There went his dinner with the lovely Prissy and her father, Sam thought, because once he had the man in custody, he’d have to remain at the jail. Perhaps Nick could make his excuses for him. He hoped Prissy wouldn’t be too offended. It was not exactly the best way to start his campaign to woo her.
They stopped in front of the hotel that sat diagonally across the street from the saloon. “I’ll go in from the back and cover you,” Nick said, motioning in that direction. “Just be firm with him. He usually surrenders as soon as he sees the badge,” he said, pointing to the tin star Sam now wore.
Sam wasn’t so sure. He’d seen dozens of intoxicated men in saloons who were dangerously unpredictable, especially if they were armed as well as drunk. He wasn’t about to sacrifice his life to keep such a man alive. If this Delbert fellow acted the least bit like he was going to shoot, Sam intended to drop him with the pistol he now held, a Colt he had purchased in the first town he arrived in after Dallas when he’d fled Houston.
They crossed the street cautiously at an oblique angle, heading for the near corner of the building. There they separated, Nick creeping around to the back to the exit, Sam hugging the front of the establishment, crouching low so his head didn’t show in the dusty, fly-specked glass windows. When he reached the batwing doors, he straightened and peered over the nearer of the two.

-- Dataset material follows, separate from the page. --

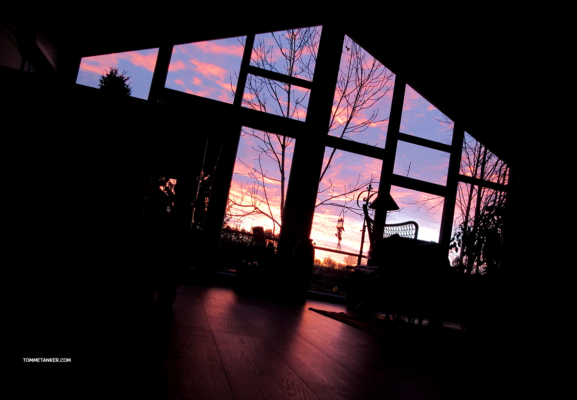 meisene som allerede har vært våkne en stund. Jeg sitter bare og ser. Jeg går inn i mine tomme tanker og bare er der. Synsinntrykket omhyller meg, blir en del av meg, og jeg bare er. Følelsen av ingenting fyller meg med mye. Ubevisste opplevelser av ro. Og selv om min kone er på reise er jeg med henne. Og selv om hun ikke er her, så sitter hun ved siden av meg. Gode tomme tanker. Ikke alle tør være alene med seg selv. Eller klarer det. Men det anbefales og det kan øves på. Det er en fin måte å våkne til en ny dag på.

Within the dim, smoky interior of the saloon he spotted a wild-haired man staggering unsteadily around, clutching a half-empty bottle with one hand, a pistol with the other. Silver shards of what had been a full-length mirror littered the mahogany bar. Delbert Perry’s boots crunched the broken glass from the ruined chandeliers and a half-dozen bottles and glasses. The burnt smell of spent gunpowder filled Sam’s nostrils and stung his eyes.
The drunken man faced away from Sam. Sam pushed one batwing door open and went in quietly, taking care not to step on noisy glass. His pulse throbbed in his throat. Who’d have thought he’d have to face a man with a gun in his first afternoon in this little one-horse town?
“Delbert Perry, it’s the sheriff,” he said, cocking his pistol. “Turn around slowly with your hands in the air, now, and you won’t get hurt.”